News from the Munich gastronomic scene – Munich

After almost three weeks of break, which was more of a renovation than a vacation, Jürgen Wolfsgruber and his team are starting Sparkling Bistro in the Amalienpassage into the new season. The biggest change in the guest room can be smelled and heard: the walls were lined with pine wood sticks, and the sheep’s wool behind them dampens the sound. “I want it to be homely and touch the guest on an emotional level,” explains Wolfsgruber.

His new menu is based on the motto “Back To The Roots”. He wants to cook again the way he used to: no stiff chichi, no à la carte. He prefers to put together a menu every day depending on what is available on the market, “fairly calculated and with everything that is in season and of top quality.” The star chef believes that many of his colleagues have forgotten how to calculate.

The large menu in the evening with six “Gustostückerln”, as the Austrians call their courses, costs 187 euros. The menu card reveals which product is at the center of each plate with just one keyword per course. You can expect truffles, porcini mushrooms or venison soon. The lunch menu for 85 euros, which has been offered on Fridays and Saturdays for the last few months, will also be continued (Sparkling Bistro, Amalienstraße 89, Wednesday to Saturday from 6 p.m., Friday and Saturday also from 12 p.m. to 3 p.m., telephone 089/46138267).

Something is stirring in Department Six Viktualienmarkt. A month ago, a new dealer with baklava from Istanbul moved in there, and now he’s celebrating Hungarian delicatessen stand Szia Szia opening under the same tent roof. The operators Peter Pazmandi and Vincent Sauter are well-known faces in the gastronomy scene. Pazmandi, for example, runs the Cucurucu Bar at the main train station and is himself a native Hungarian. Sauter has helped design many kitchens, from the Orania in Berlin to the Elmau Castle to the Louis Hotel in Munich. In the former Paprikahaus he now wants to creatively interpret traditional Hungarian cuisine. Pastrami, scallops or asparagus sometimes end up on his langos (Szia Szia, Viktualienmarkt 3, Monday to Saturday 12 p.m. to 6 p.m.).

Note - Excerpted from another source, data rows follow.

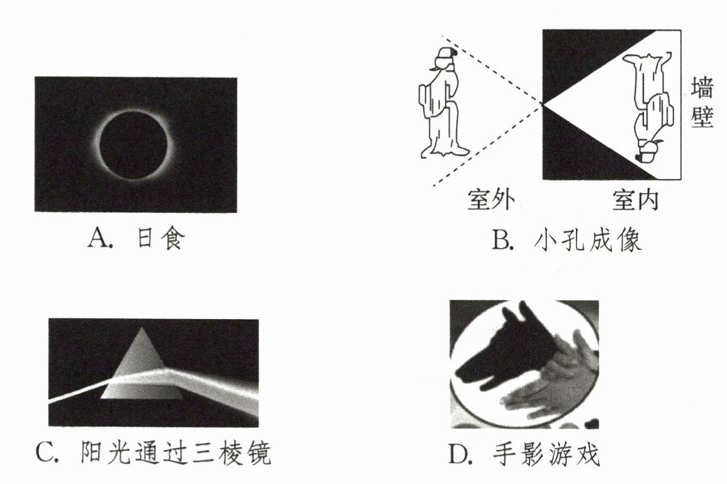 D选项,手影游戏是由于光线被手挡住后,在屏幕上形成的影子,这是光沿直线传播的结果,所以D选项不符合题意。
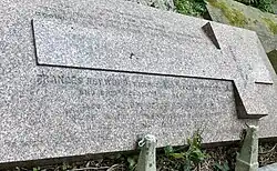 In May 1818, Heywood declined command of the Canadian Lakes with the rank of commodore. As he had become content with shore life, he said he would only accept another appointment in the event of war.[113] In retirement Heywood published his dictionary of the Tahitian language, wrote papers relating to his profession, and corresponded widely.[85][114] He enjoyed a circle of acquaintances which included the writer Charles Lamb, and was a particular friend of the hydrographer Francis Beaufort.[115] He destroyed much of his writing shortly before his death, but a document from 1829 survives, in which he expresses his views on the unfitness for self-government of Greeks, Turks, Spaniards and Portuguese, the iniquities of the Greek Orthodox and Roman Catholic churches, and the doubtful benefits of Catholic emancipation in Ireland.[116] Of strong religious convictions, Heywood was increasingly interested in spiritual matters during the last years of his life. His health began to fail in 1828, and he died after suffering a stroke, aged 58, in February 1831.[117] He was interred in the vault of Highgate School chapel,[118] where a memorial plaque was dedicated on 8 December 2008,[119] and is also memorialised on the grave of his widow Frances on the west side of Highgate Cemetery.
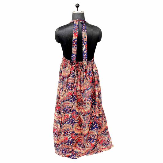 Coral Feather Print Halter Maxi Dress
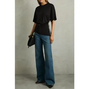 Reiss Printed Ruched Jersey Dress Neutral/navy
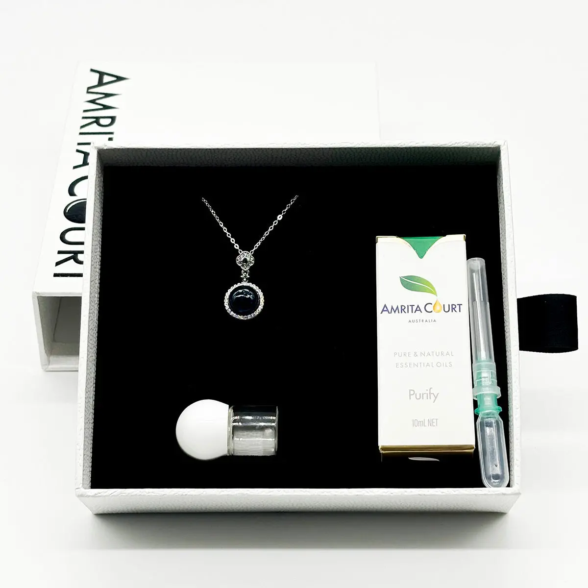 Serving as both a statement piece and a practical accessory, the glass ball doubles as a container for a drop of essential oil, allowing you to diffuse your favorite scent effortlessly on the go. Embodying beauty, versatility, and functionality, this necklace is a timeless addition to any ensemble, ensuring you feel happy, calm, content, and confident on all occasions.
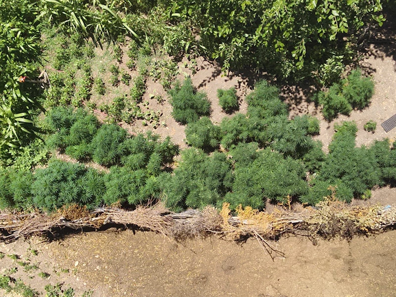 Evin bahçesinde ekili 50 kök Hint keneviri ele geçirildi. Evde yapılan aramada ise 449 gram esrar ile 169 gram Hint keneviri tohumu bulundu, A.A. gözaltına alındı.
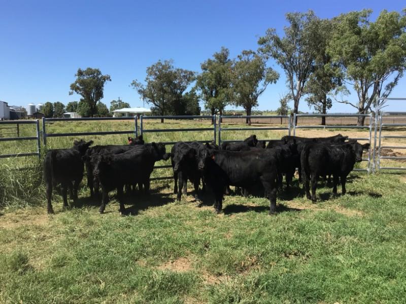 TOP QUALITY ANGUS WEANER HEIFERS PRESENTING IN FORWARD CONDITION.WEIGHT RANGE 230KGS TO 349KGS AV 287KGS FULL . HEIFERS OUT OF WELL BRED KANSAS BLOOD ANGUS COWS BY QUALITY GETT ANGUS BULLS ,BASED ON TEMANIA EMPEROR & BOWEN BLOODLINES.THESE HEIFERS ARE GRASSFED & ANTIOBOTIC FREE.NO BATHURST BURR NOTED IN COATS,SLIGHT CHANCE OF SOME,WITH SOME GREEN BATHURST BURR IN PADDOCK. PURCHASERS AN OPPORTUNITY TO PURCHASE QUALITY ANGUS HEIFERS FOR BREEDING PURPOSES OR GROW OUT FOR PREMIUM ANGUS FEEDER OR SLAUGHTER MARKETS.
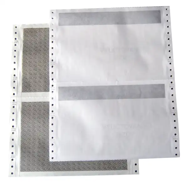 Mzdové diskrétne obálky sú určené pre tlač výplatných pások na ihličkovej tlačiari. Vyrobené sú ako tabelačný papier 25x06´´ (1+2). Po vytlačení mzdových údajov sa vrchný originál oddelí a zostáva v účtarni. Na prvú kópiou sa cez priepisový pás pretlačí iba časť údajov (napr. meno zamestnanca, výplatné obdobie). Diskrétne údaje zostávajú uzatvorené a utajené až na druhej kópii. UP - priepisový pás je široký 15 mm. Priepisový pás začína 8 mm od hornej perforácie.
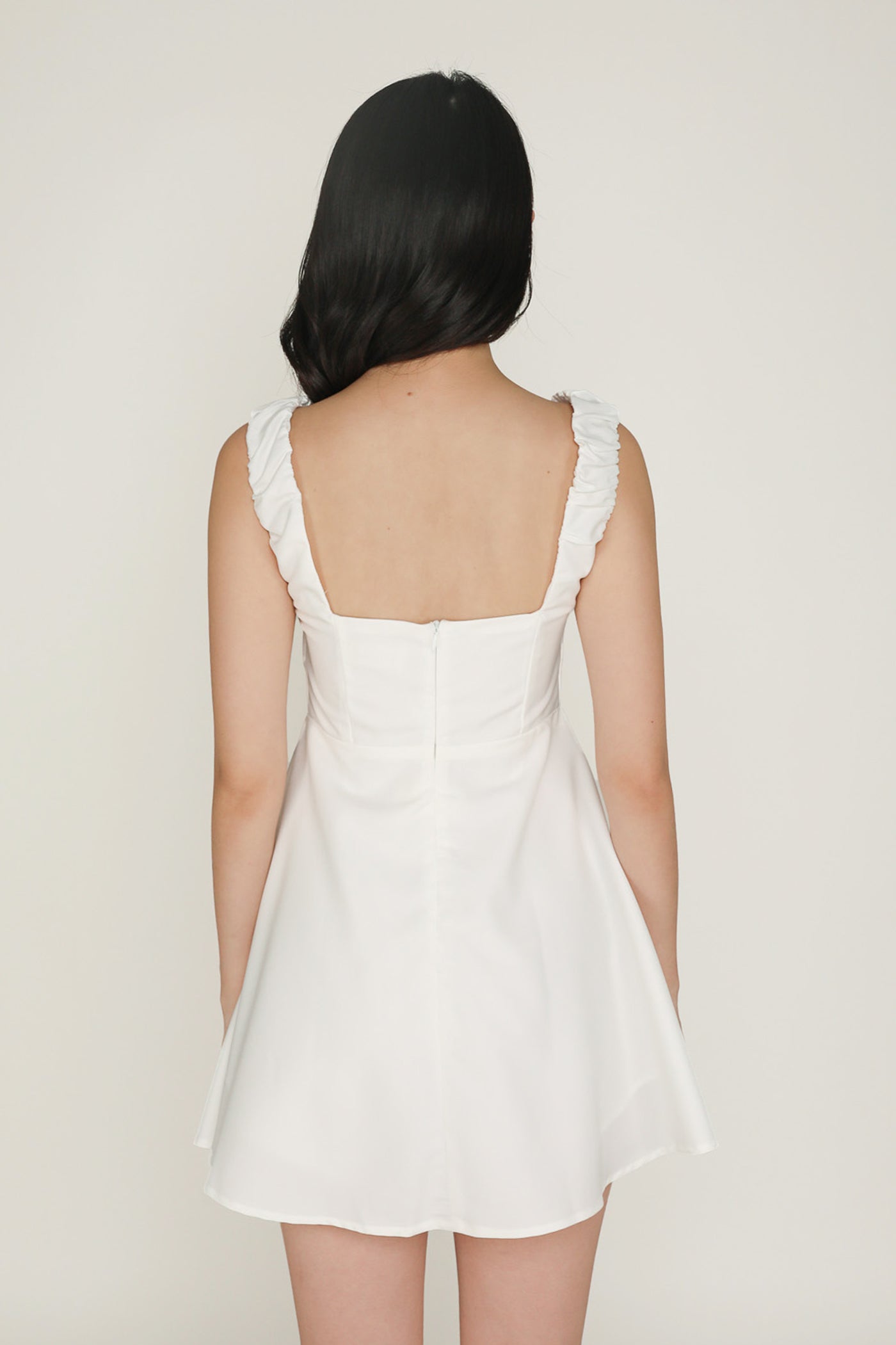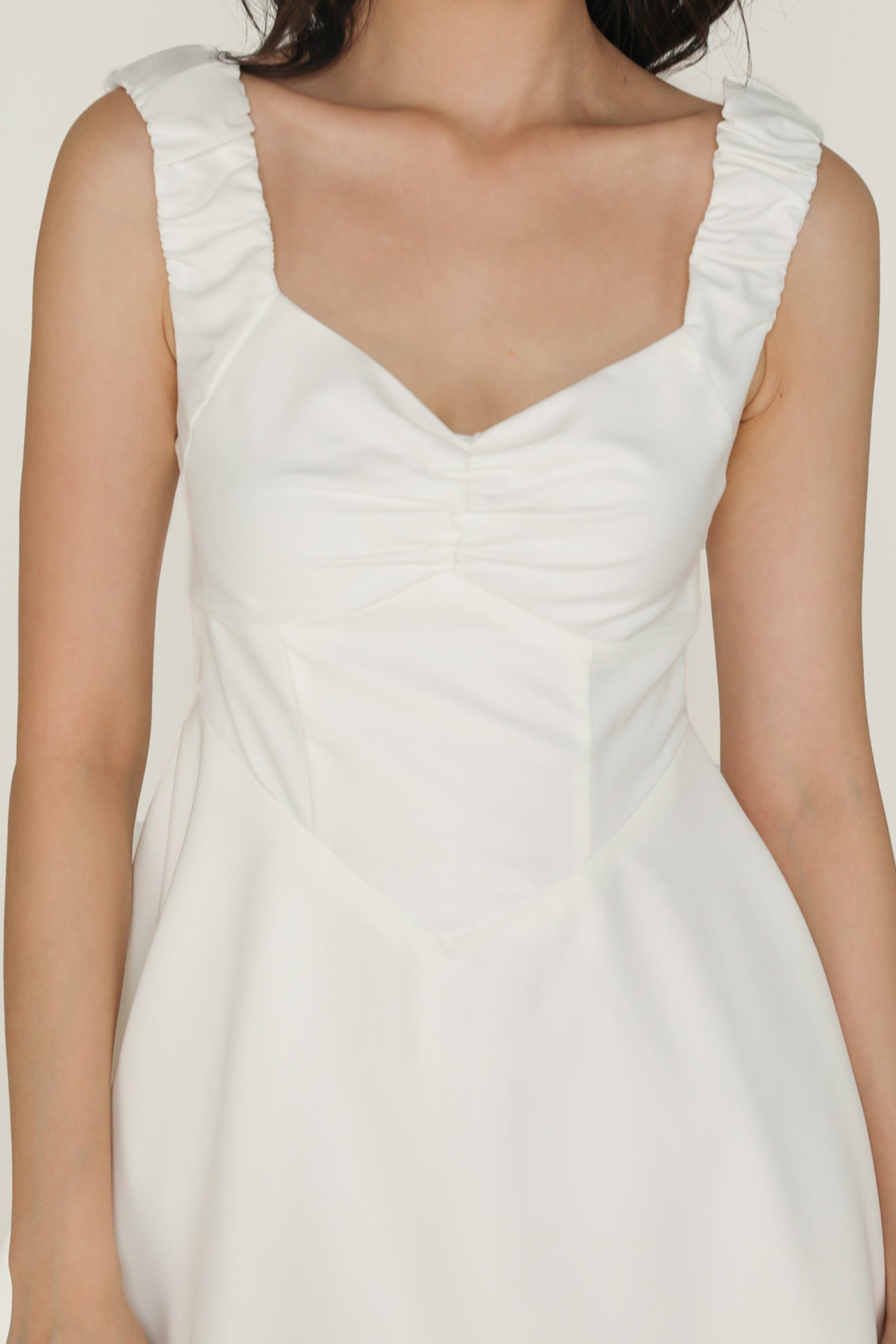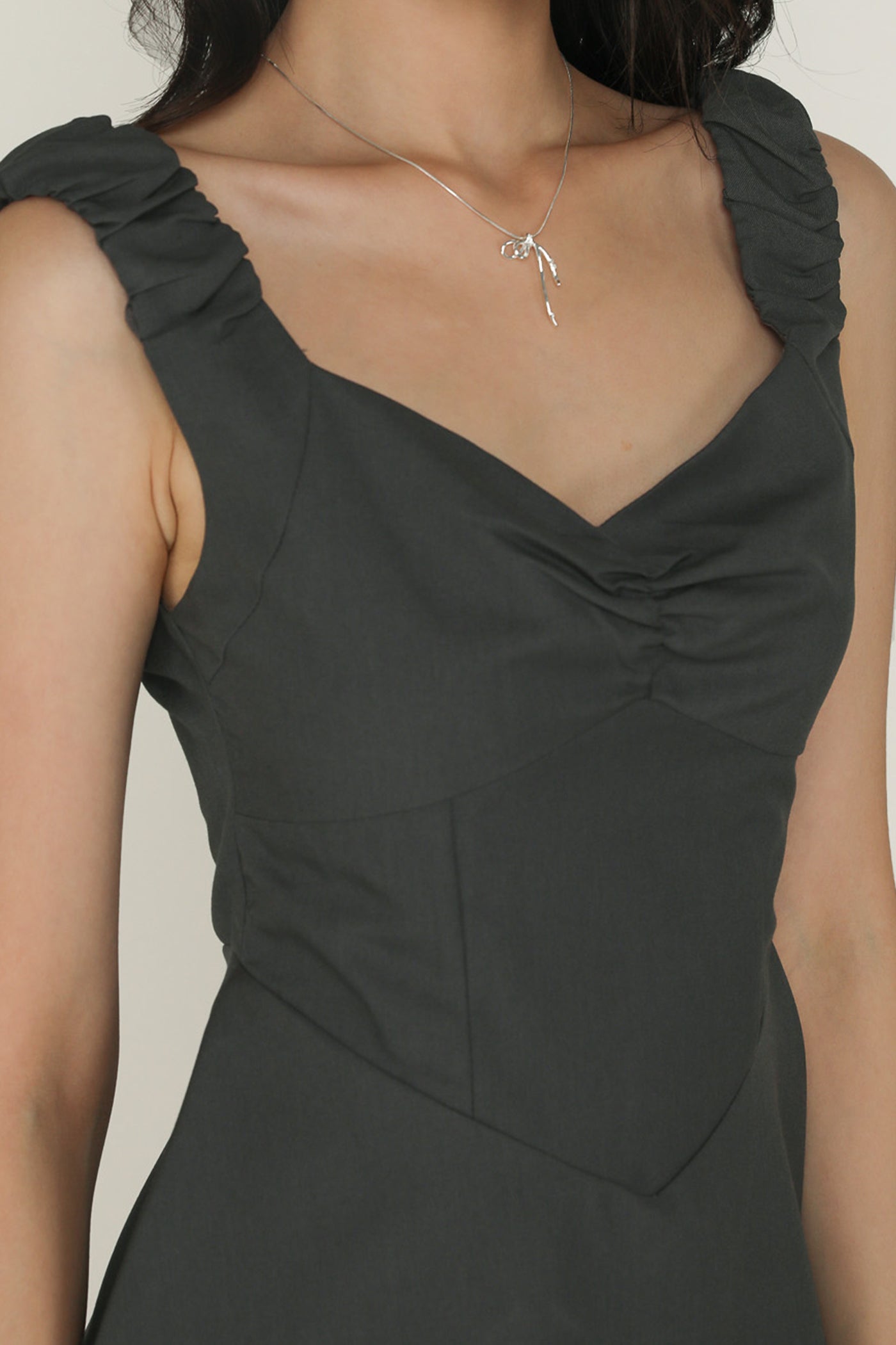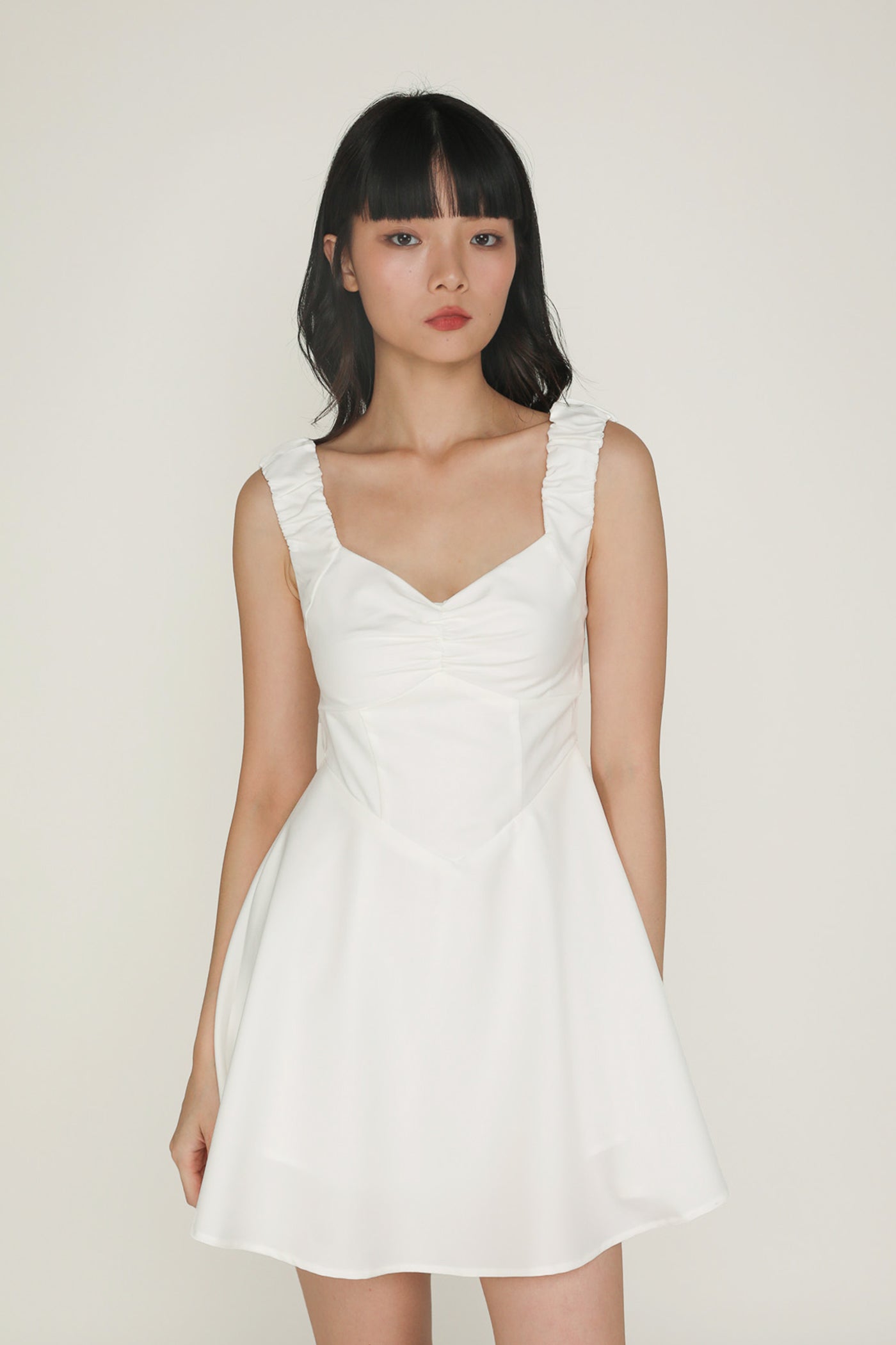 Set the tone right this season with Shanie. Shanie Ruched Strap Romper is a fresh and feminine ensemble for the hot summer days. The romper features a sweetheart neckline and a ruched statement on the front and ruching along the straps. It also has a flowy skirt for a dreamy finish. Comfortable and chic, Shanie is the go-to casual look for all your fun weekend plans.

Also for the new one Hämmelmann’s Bar Two experienced gastro colleagues have joined forces in the Gärtnerplatzviertel. Dominik Hämmelmann worked for a long time as a bartender for Robinson Kuhlmann in his bar of the same name on Gärtnerplatz. In his own little bar, he now serves his own creations such as the “Smokey Arroyo” with mezcal, grapefruit and homemade rosemary syrup and bar snacks, including what he calls a “fancy” version of Hawaiian toast (Hämmelmann’s Bar, Baaderstraße 16, daily from 5 p.m. to 1 a.m., www.haemmelmannbar.com).